Is backtracking absolutely necessary for cycle detection using DFS in directed graph?
Asked Answered
M

3

2

I came across this SO post where it is suggested that cycle detection using DFS in a directed graph is faster because of backtracking. Here I quote from that link:

Depth first search is more memory efficient than breadth first search as you can backtrack sooner. It is also easier to implement if you use the call stack but this relies on the longest path not overflowing the stack.

Also if your graph is directed then you have to not just remember if you have visited a node or not, but also how you got there. Otherwise you might think you have found a cycle but in reality all you have is two separate paths A->B but that doesn't mean there is a path B->A. With a depth first search you can mark nodes as visited as you descend and unmark them as you backtrack.

Why is backtracking essential?

Can someone explain with an example graph as what is meant in the given A->B example?

Finally, I have a DFS code for cycle detection in directed graph that does not use backtracking but still detects cycle in O(E+V).

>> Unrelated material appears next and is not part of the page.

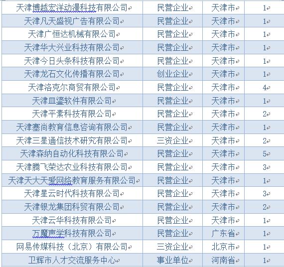 联合举办了软件学院、计算机学院2017年春季专场招聘会,在经过学院精心对比和筛选之后,受邀参加本次招聘会的有16家京津冀地区企业。包括:天津三星电子有限公司、天津华永无线科技有限公司、中国汽车技术研究中心数据资源中心、天津天地伟业科技有限公司以及国家动漫园等。近百名毕业生与用人单位进行洽谈。

public boolean isCyclicDirected(Vertex v){
  if (v.isVisited) {
    return true;
  }
  v.setVisited(true);
  Iterator<Edge> e = v.adj.iterator();
  while (e.hasNext()) {
    Vertex t = e.next().target;
    // quick test:
    if (t.isVisited) {
      return true;
    }
    // elaborate, recursive test:
    if (isCyclicDirected(t)) {
      return true;
    }
  }
  // none of our adjacent vertices flag as cyclic
  v.setVisited(false);
  return false;
}
Mackintosh answered 12/12, 2013 at 22:10 Comment(6)
if (t.isVisited) { return true; } is uneccessary because when isCyclicDirected(t) is called the first thing it will do is check if the Vertex passed in has been visited.Lost
@Floegipoky: agreed! very valid point! but the algorithm is correct overall right?Mackintosh
No, unfortunately it is not correct. However, if you added v.setVisited(false); right before the return false; I think it would be! :)Lost
@Floegipoky: yes, I just figured it out. Thanks for it, I am editing the postMackintosh
In general you should refrain from fixing code in the question as this tends to invalidate some (parts of or entire) answers. In this case it's probably minor enough.Cordwood
@Dukeling: I will follow this from now onMackintosh
C
5

Why you need to backtrack:

A -> B
^ \
|  v
D <- C

If you go A -> B and you don't backtrack, you'll stop there and you won't find the cycle.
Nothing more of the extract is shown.